Problem to work on:
Write out exactly the lines from the one holding "Notes de Verveine" to the last line of the entries, both ends included and nothing else, without the pictures.

[Stored dataset items]
──────────────────────────────

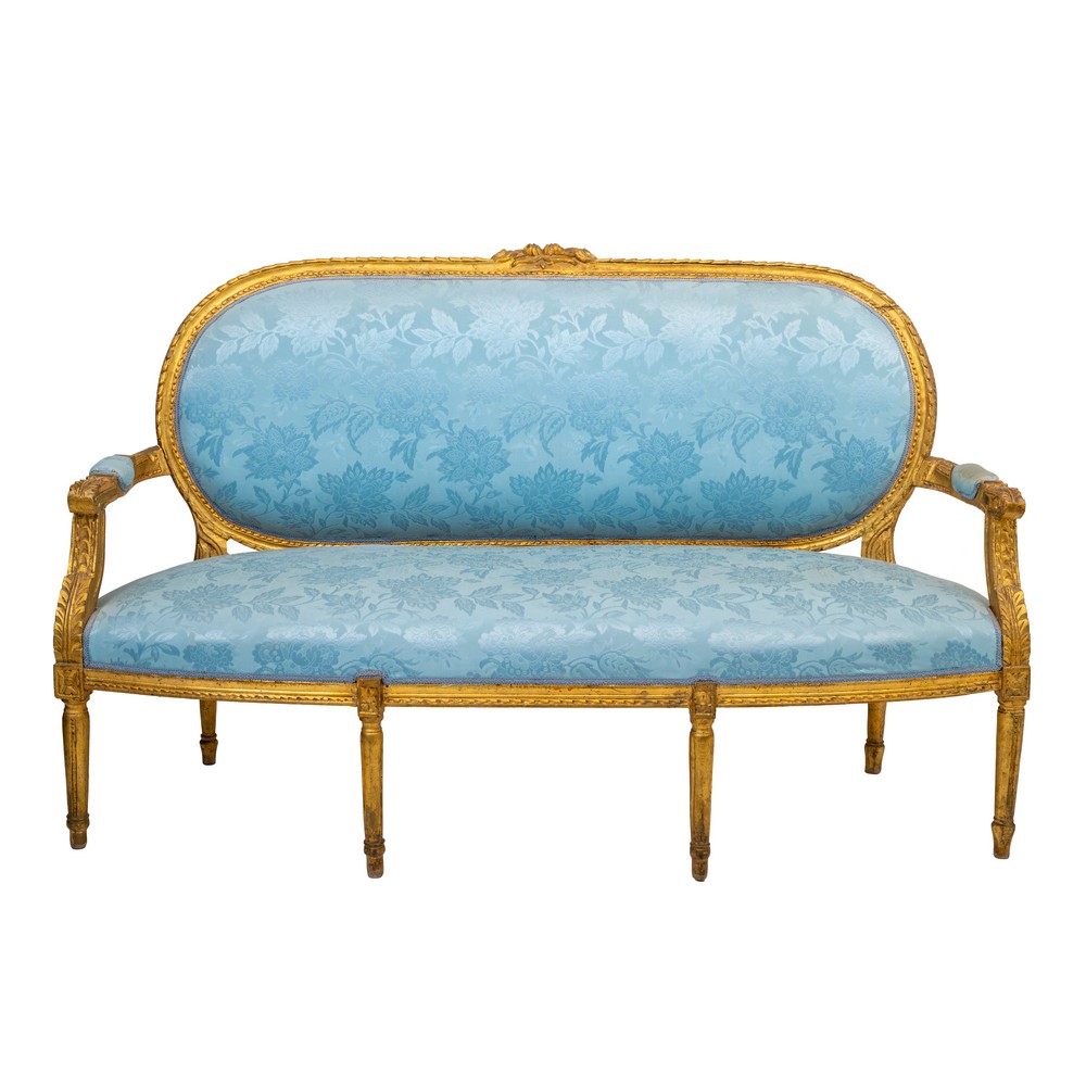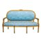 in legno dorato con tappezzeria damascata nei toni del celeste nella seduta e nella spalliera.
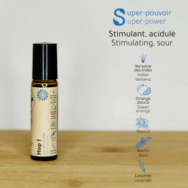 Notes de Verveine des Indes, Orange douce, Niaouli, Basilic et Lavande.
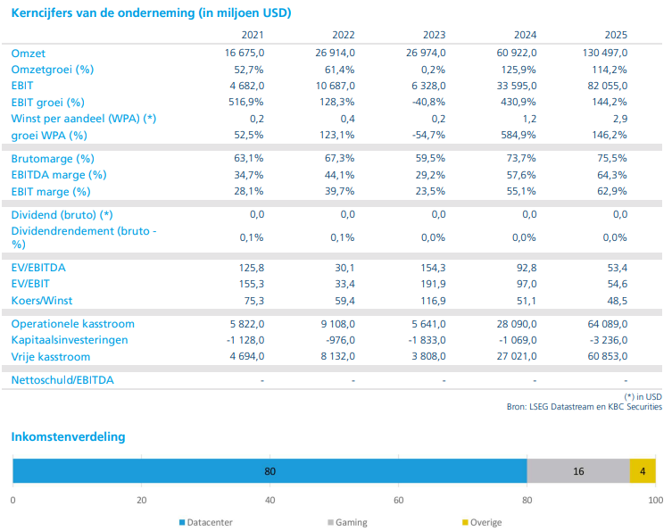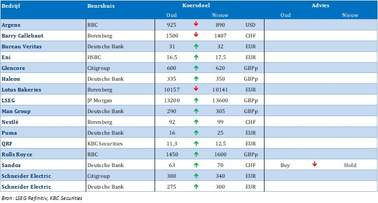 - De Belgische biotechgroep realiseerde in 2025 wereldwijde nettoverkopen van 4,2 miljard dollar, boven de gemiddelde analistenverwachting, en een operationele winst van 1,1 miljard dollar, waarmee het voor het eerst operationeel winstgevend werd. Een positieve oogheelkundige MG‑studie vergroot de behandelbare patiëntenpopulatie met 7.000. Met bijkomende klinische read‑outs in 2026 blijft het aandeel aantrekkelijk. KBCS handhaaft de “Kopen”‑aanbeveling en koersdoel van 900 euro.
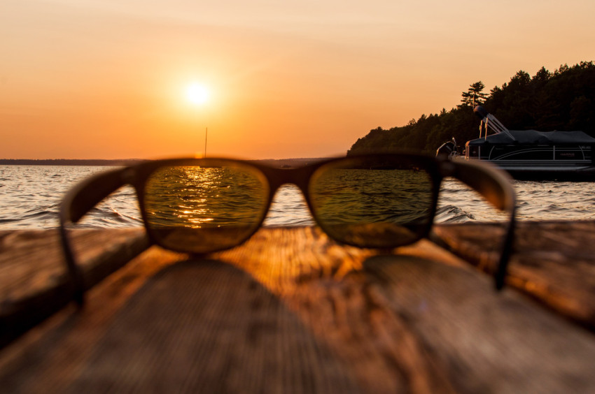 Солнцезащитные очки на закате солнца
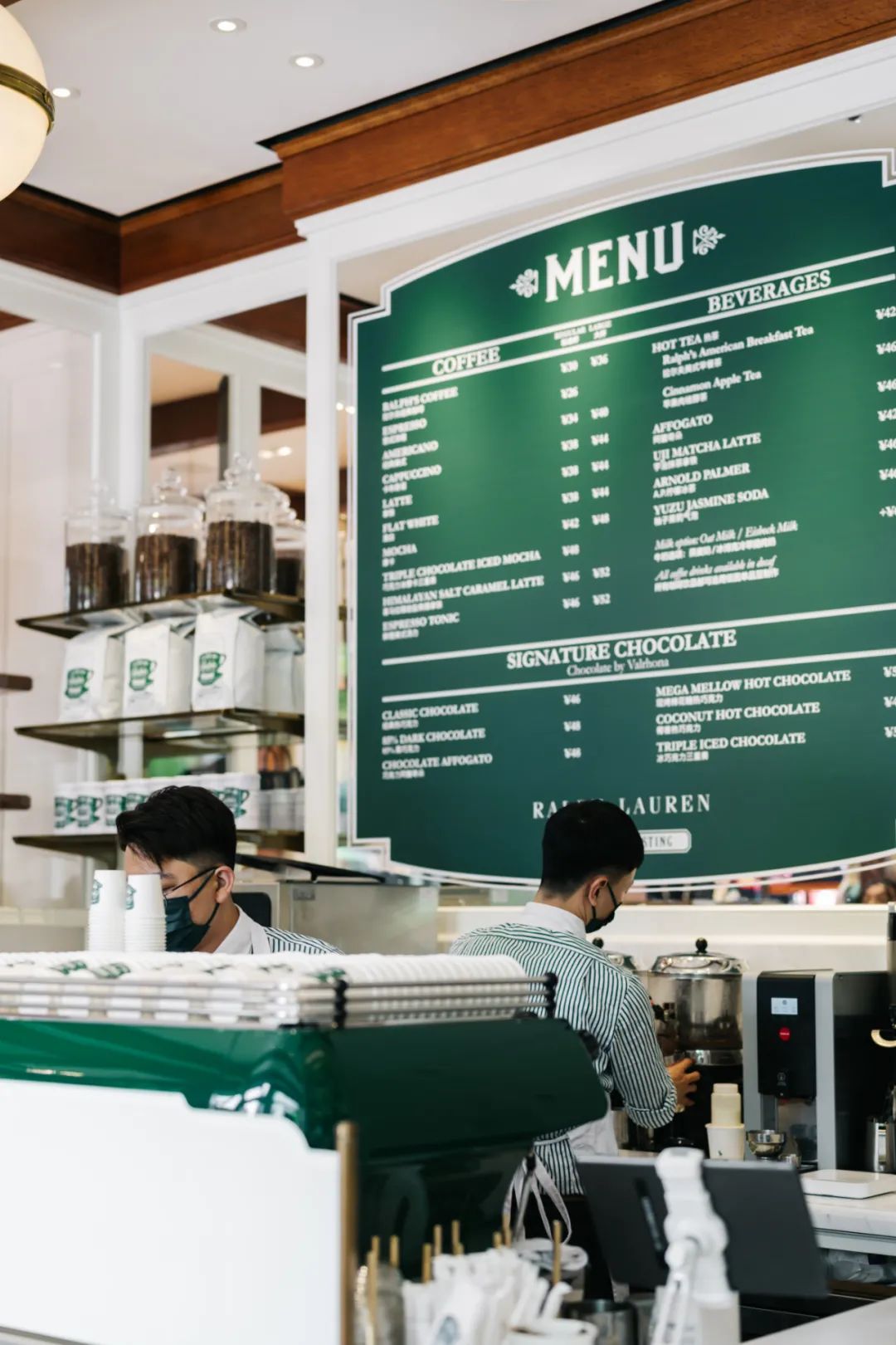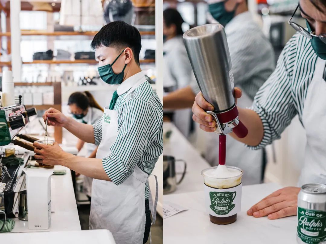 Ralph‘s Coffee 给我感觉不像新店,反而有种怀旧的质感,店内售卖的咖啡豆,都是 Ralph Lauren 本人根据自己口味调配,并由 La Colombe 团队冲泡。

──────────────────────────────

Response area:
 Notes de Verveine des Indes, Orange douce, Niaouli, Basilic et Lavande.
 - De Belgische biotechgroep realiseerde in 2025 wereldwijde nettoverkopen van 4,2 miljard dollar, boven de gemiddelde analistenverwachting, en een operationele winst van 1,1 miljard dollar, waarmee het voor het eerst operationeel winstgevend werd. Een positieve oogheelkundige MG‑studie vergroot de behandelbare patiëntenpopulatie met 7.000. Met bijkomende klinische read‑outs in 2026 blijft het aandeel aantrekkelijk. KBCS handhaaft de “Kopen”‑aanbeveling en koersdoel van 900 euro.
 Солнцезащитные очки на закате солнца
 Ralph‘s Coffee 给我感觉不像新店,反而有种怀旧的质感,店内售卖的咖啡豆,都是 Ralph Lauren 本人根据自己口味调配,并由 La Colombe 团队冲泡。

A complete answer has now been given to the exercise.